3. Contraction of muscles.
4. Regulation of acid base balance.
5. Sodium acts as substrate for Na+/K+ ATPase enzyme (sodium potassium
pump).
Excretion: Mainly (95%) in urine and sweat.
Reguirements: For adults: 5 g/day.
Abnormal plasma sodium:
1. Hypernatremia (excess plasma sodium): It is caused by:
Cushing syndrome: due to excessive glucocorticoids.
Conn's disease: due to excessive aldosterone secretion.
Diabetes insipidus (low ADH): due to rapid loss of water.
Drugs: as ACTH or cortisone.
2. Hyponatremia (decrease plasma sodium) : It is caused by:
Addison's disease: due to deficiency of aldosterone.
Renal failure: where renal reabsorption of sodium is inhibited.
Hypotonic dehydration: where loss of water and sodium (electrolytes) is
treated by administration of water only.
Edema which occurs in cirrhosis or congestive heart failure
Diuretics: e.g. thiazides, which block tubular reabsorption of sodium.

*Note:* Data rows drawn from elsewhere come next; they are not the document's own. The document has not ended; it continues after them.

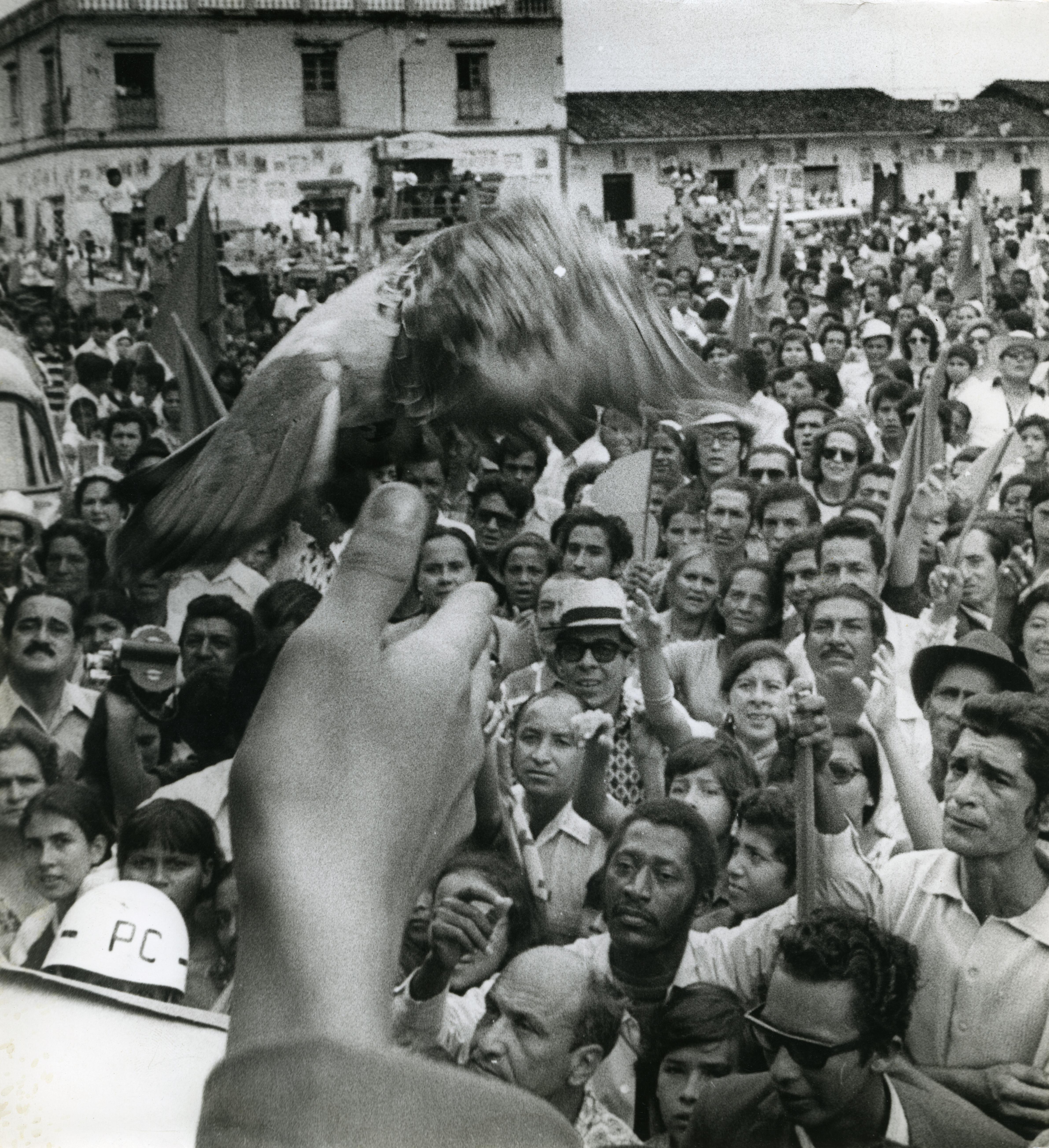 Álvaro Gómez Hurtado, abogado, político, escritor y periodista colombiano. Como político ocupó los cargos de Concejal de la ciudad de Bogotá, Representante a la Cámara, Senador de la República, Ministro Plenipotenciario, delegado en diferentes ocasiones a conferencias internacionales, Embajador ante las Naciones Unidas, Embajador en Suiza, Italia, Estados Unidos y Francia. Fue candidato a la presidencia en los periodos 1974, 1986,1990. En la gráfica observamos a el político Álvaro Gómez Hurtado acompañado de su esposa en campaña electoral en la ciudad de Jamundí
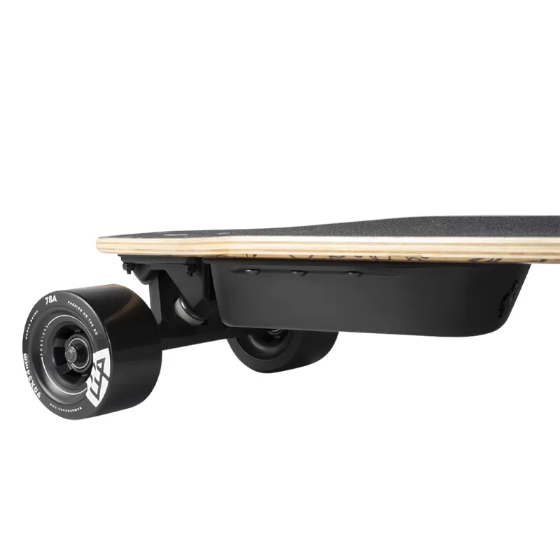 ✓ Exclusive front truck Installed is a newly customized 50°, 8-inch front truck with 85A bushings, allowing for plenty of fun and easy carving. The new front truck offers better control over the eboard while riding at high speeds and complements the deck to let the rider feel what’s going on underneath them at all times.
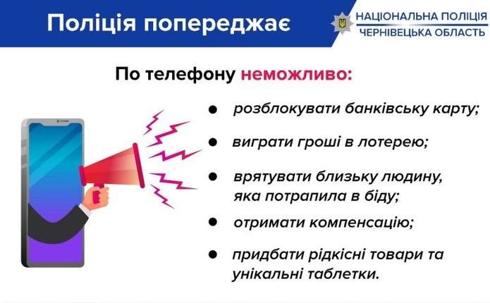 Правоохоронці закликають буковинців нікому та ні за яких обставин не розголошувати свої персональні дані і конфіденційну інформацію про банківські рахунки. Також поліцейські застерігають не перераховувати кошти на невідомі рахунки, навіть якщо вас про це просять нібито знайомі чи родичі. Перш за все постарайтеся зв’язатися з тим, хто звернувся до вас по допомогу.
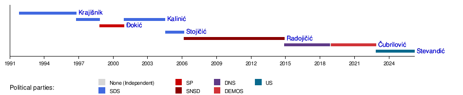 The National Assembly of Republika Srpska was formed in 1991. Since then, several people have held the important role of Speaker. This list shows who they were. It also shows how long they served. You can see which political party they belonged to.
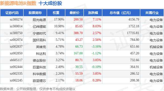 证券之星消息,11月5日,新能源电池R(480027)指数报收于3851.07点,涨4.25%,成交872.55亿元,换手率3.69%。当日该指数成份股中,上涨的有42家,金盘科技以18.12%的涨幅领涨,下跌的有7家,英维克以3.16%的跌幅领跌。
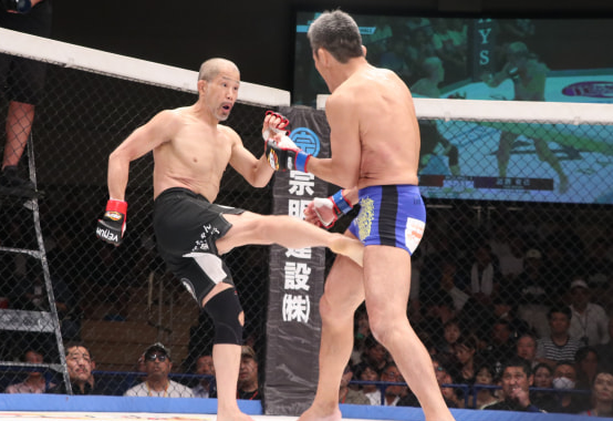 郷野が近藤にキックを放つ

Toxicity: Hypertension in susceptible individuals.

V. Potassium

Sources: Vegetables, fruits and nuts.
Absorption: Rapidly occurs in the small intestine.
Body potassium:
It is regulated by aldosterone.
1. 2/3 of potassium is present in tissues and body fluids (potassium is the main
intracellular cation).
2. About 1/3 is present in skeleton.
Plasma potassium: 3.5-5 mmol/L.
Functions:
1. Maintenance of osmotic pressure and volume of intracellular fluid.
2. Transmission of nerve impulses.
3. Contraction of muscles.
4. Regulation of acid base balance.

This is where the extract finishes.